Водопровода и канализации решительно не хватало. Заходить к соседке он не стал, не хотелось ее снова смущать.

Двигатель работал прилично, если не вслушиваться. Он сполоснулся в Фонтанке недалеко от Аничкова моста, предъявил документы вездесущему патрулю.

Защитные конструкции с постаментов уже сняли. Но конные статуи еще не вернули на историческое место — многие скульптурные шедевры в 1941-м зарывали в землю, чтобы уберечь от бомбежек.

Он набрал воды во фляжку из ближайшей колонки, снова сел за руль, свернул на улицу Рубинштейна и поехал в южном направлении.

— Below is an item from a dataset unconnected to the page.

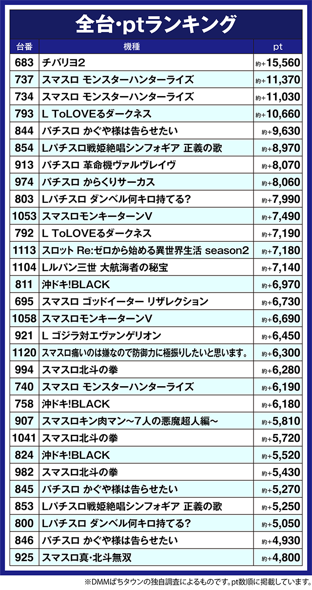 ※なお、本記事中のデータは全てDMMぱちタウンの独自調査によるものです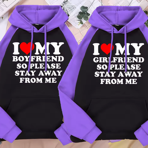 Add humor to your relationship while making a bold statement with our Matching BF and GF Hoodies featuring the hilarious phrase: "I love my BF / GF, so please stay away from me."

На дорогу ушло больше часа. Несколько раз машину останавливали. Красная книжица с потускневшим тиснением действовала безотказно. К сотрудникам контрразведки оборонного ведомства относились настороженно, с ними старались не связываться.

Пару раз он делал остановки, сверялся с картой. Пришлось выбрать длинный маршрут, через пригородное шоссе. В город шли автобусы, наполненные людьми, зашивался служивый люд на постах проверки.

Строительная техника восстанавливала дорогу, поврежденную обстрелами. Мрачные люди в телогрейках лопатами набрасывали щебень на насыпь. Лесной массив с памятными болотами остался в стороне. Он выехал на шоссейную дорогу к Красному Бору, у развилки свернул на Никольск и вскоре въехал в населенный пункт.

Местность была красивой, городок окружали зеленые рощи — они живописно стелились по волнистым холмам. Никольск лежал в низине вдоль берегов мелководной речушки. Под колесами прогремел бетонный накат моста, потянулись частные дома.

Населенный пункт был малоэтажный. Две сравнительно широкие улицы — Колхидская и Севастопольская, множество переулков и безымянных проездов. В восточной части городок граничил с извилистым озером, напоминающим затопленное речное русло; с запада его подпирала рослая лесополоса, за которой простирались владения Аннинского хозяйства.

Населенному пункту дважды не повезло. В 1941-м здесь был отчаянный бой, когда потрепанные советские части, не имея приказа к отступлению, цеплялись за каждый клочок земли. В 1944-м все было наоборот — немцы упорно оборонялись, бросались в контратаки, бились так, будто именно здесь решалась судьба их «великой» Германии.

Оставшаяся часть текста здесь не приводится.